2009-01-24 19:57:41 | 読書日記
 人の魅力とは何か?何が人を惹き付けるのか?
 
 乱世を生き延びるためには「何でもする」という時代の中で、「愛情」「仁」から出てくる”素直さ”・”真っ直ぐさ”に人々は魅かれるのではないだろうか?

 人間一人でできることは限られている。物事を成そうと思えば、多くの人の協力が必要になる場面がある。だからかこ乱世のリーダーには人望が必要なのでしょう。

 ”でくのぼう”の意味で「のぼう様」と呼ばれる主人公も、決して馬鹿にされているわけではなく、親しまれてそう呼ばれている。そんな関係から、戦乱になっても、「あの人を助けてあげなければいけないよなあ」という空気が流れる。

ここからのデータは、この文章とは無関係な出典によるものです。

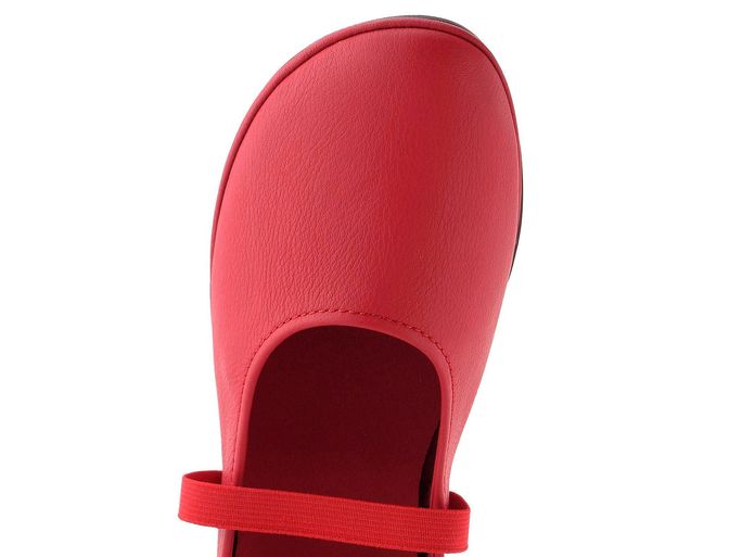 Pohodlné dámské baleríny ve stylu barefoot, z hladké kůže v červené barvě s gumičkou přes nárt.

 不思議なキャラクターである。従来の戦国時代の小説には決して現れないキャラクターだと思います。
 脇を固める登場人物をそれぞれキャラがたっていて、何とも華やかな歴史小説です。
 
 

『生物と無生物のあいだ』(福岡伸一)

2009-01-24 19:39:40 | 読書日記
 「生命とは何か?それは自己複製を行うシステムである。20世紀の生命科学が到達した答えがこれだった。」

 著者は「生命とは動的平衡にある流れである」という認識。
 「生物が生きている限り、栄養学的要求とは無関係に、生体高分子も低分子代謝物質もともに変化して止まない。生命とは代謝の持続的変化であり、この変化こそが生命の真の姿である。」

 正直なところ、本書の内容の1割も理解できなかったかもしれません。しかし、
基礎学問を日夜研究してる研究者の生活、研究の面白さ・苦しさ、成功時の知的興奮など、知らない世界を楽しませてもらいました。

 こういった専門分野の内容を素人にも分かり易く伝えることは難しいと思いますが、著者がこんなにも面白く文章にできるその技量に感嘆です。